In the book of $\text{Neal Koblitz}$ on p-adic numbers, p-adic analysis and zeta-function, the following exercise is given:
Exercise: Let $V=\mathbb{Q}_p(\sqrt p)$, $ \ v_1=1, \ v_2=\sqrt p \ $. Here $V=\mathbb{Q}_p(\sqrt p)$ is a vector space over the p-adic field $\mathbb{Q}_p \ $. Show that $\text{sup-norm}$ is not a field norm.
The purpose of this example is to show that a vector space norm may not be a field norm.
In the hintz of this book it is given that-
$v_2 \cdot v_2=pv_1$, but $||v_2||_{sup} \cdot ||v_2||_{sup}=1$, $||pv_1||_{sup}=|p|_p=\frac{1}{p}$.
That is all given in the hintz.
How does it conclude that $sup-norm$ is not a field norm ?
Now if $K$ is a finite extension of the field $F$, then the properties of the field norm $||.||$ is given below:
$(i) \ ||xy||=||x||||y||, \ x,y \in K$,
$(ii) \ ||ax||=a^n ||x||, \ a \in K, \ \forall x \in L, \ n=[K:F]$.
Here probably property $(ii)$ does not hold.

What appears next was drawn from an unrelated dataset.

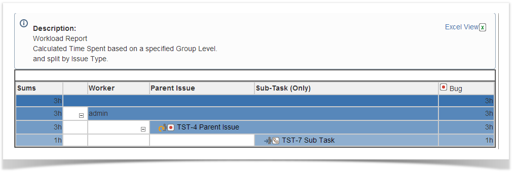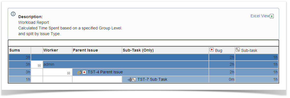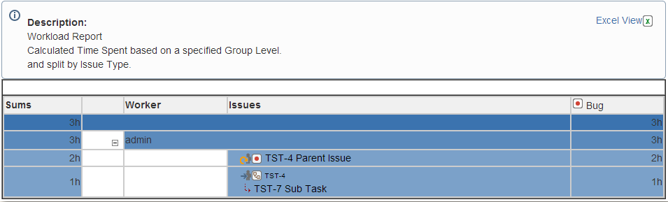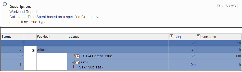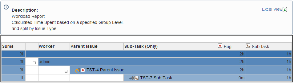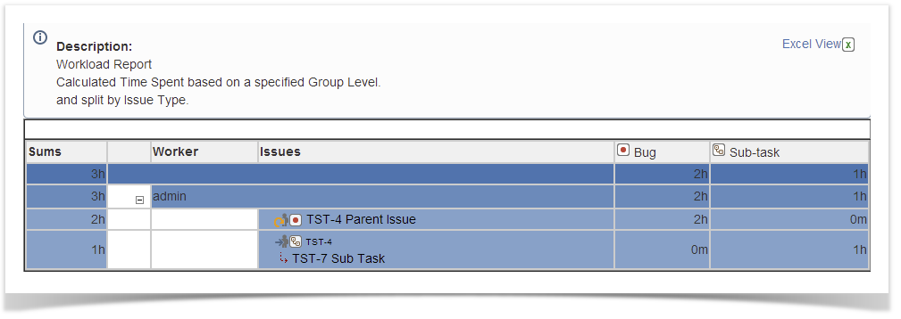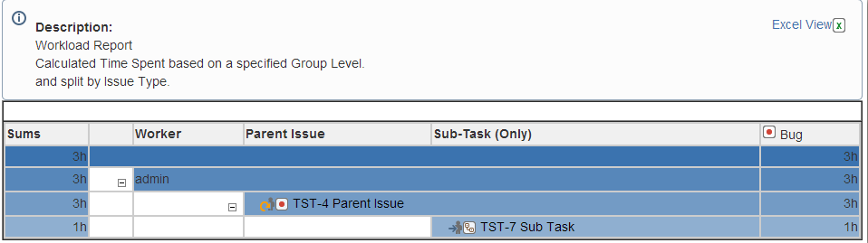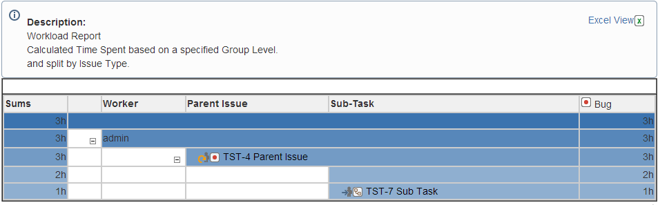 - Their related Worklogs are displayed depending each Issue Type column (Separate columns for Parent Issues and Sub-Task )

Because,
$a=p \in V=\mathbb{Q}_p(\sqrt p)$ and $v_1=1 \in \mathbb{Q}_p$ but $||pv_1||_{sup}=\frac{1}{p} \neq p^{[\mathbb{Q}_p(\sqrt p): \mathbb{Q}_p]} ||v_1||_{sup}=p^2||v||_{sup}.$
So the $sup-norm$ does not satisfy the field norm property $(ii)$.
But I am not sure.
Can you please help me?